Never have trimmed mane at the withers. Never an issue think it looks dumb to have mane cut off at withers. Never will trim mane at wither, mane under saddle pad doesn't effect them.


----------



## Filou (Jan 16, 2014)

I braid it and try to arrange it so it's not right under the saddle.


----------



## SteadyOn (Mar 5, 2017)

The tradition of leaving a hunk of hair at the withers, even when otherwise shaving the mane, is supposed to be for providing a handhold for bareback riding. So if you don't need that... don't see why you couldn't just trim and clean up that area. Why not?


----------



## PoptartShop (Jul 25, 2010)

Never trimmed the hair at the withers, never felt the need. My saddle pad doesn't affect her hair there.


----------



## SilverMaple (Jun 24, 2017)

It is traditional in western riding to leave the mane at the withers even if the rest was roached; the saddle pad properly fitted will ride smoothly over the mane tuft.


----------



## horselovinguy (Oct 1, 2013)

Sensory overload....


Ever watch a horses response to anything at the wither?
Super nerve sensitive...
For myself_, I would not trim_, as in remove those mane hairs to stubble at a area so nerve sensitive to the horse.
Don't care what you're going to do with a saddle pad, it is overload of the nerves in the area.
You want them shorter, fine...but don't reduce them to stubble shaved off or so short they stand on end and make the horse crazy with sensations or irritation their.
If you ever pulled a mane you would know that horses have a totally different response on certain parts of the mane to mane pulling.
Most horses are minimal reaction over the majority of the neck/mane length...
A little more reaction near the poll, a lot of reaction and reactive behavior at the wither...
Their displeasure if you read horse body language is telling you, hands off...it bothers me A LOT!
_just sayin._
:runninghorse2:*...*


----------



## my2geldings (Feb 18, 2008)

We have horses are are none for VERY full mane and tails.
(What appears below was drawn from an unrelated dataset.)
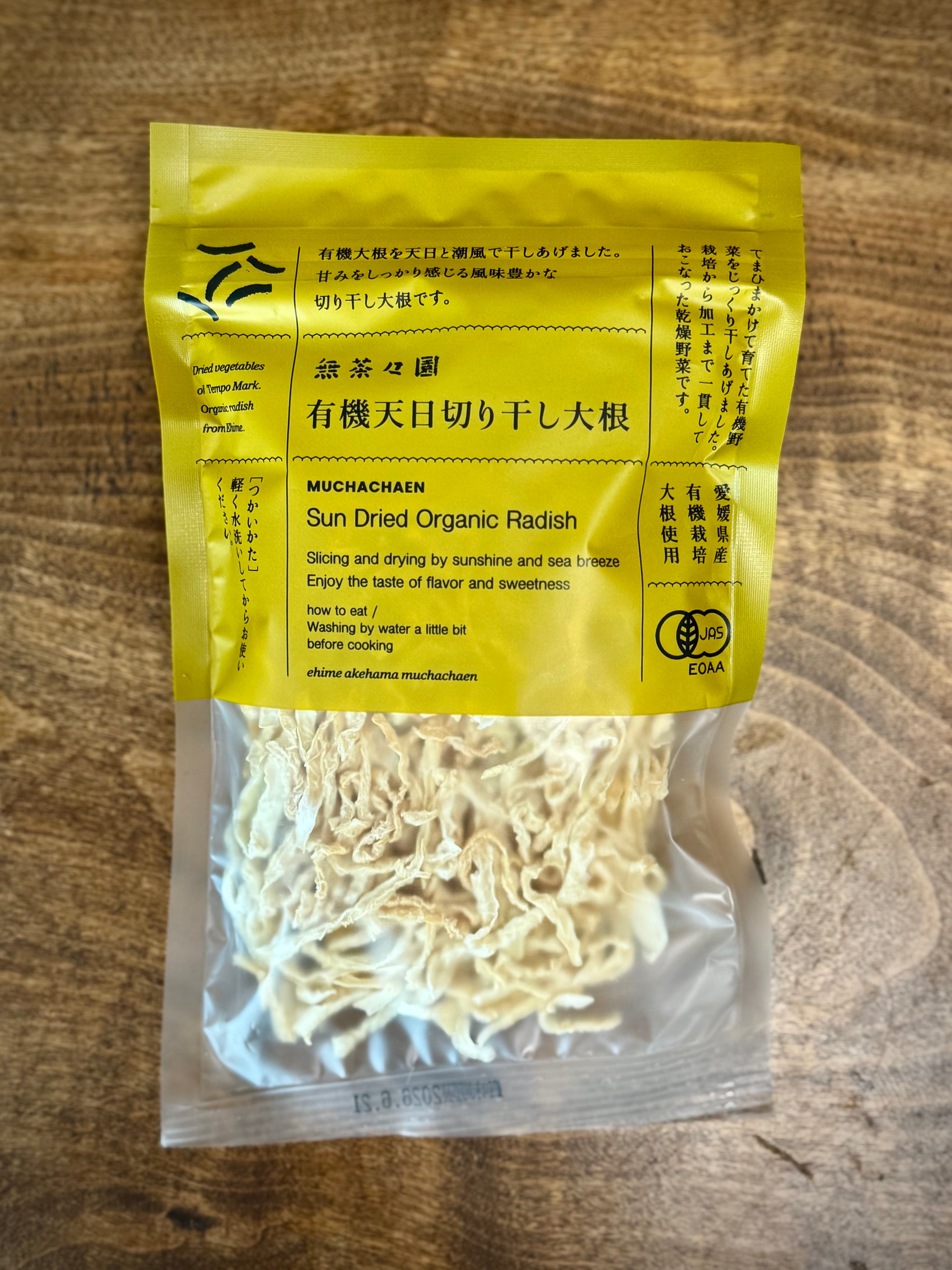 山上の北条風早園地で育てた有機大根を、海辺のまち明浜町まではるばる運んで天日と潮風で干しあげました。甘みをしっかり感じる風味豊かな切り干し大根です。原料約700g分の有機大根が、乾燥後35gに凝縮されています。

We don't trim their mane at all. I think it looks silly and it's cause any issues and they have A LOT of it where the saddle pad even the saddle overlaps. I have never had an issue with rubbing or anything else.

I think it's important to leave the mane there to help with draining during wet and snowy weather as well as keep it protected in general from the outdoors as well as bugs. 

If it ain't broke, don't fix it.


----------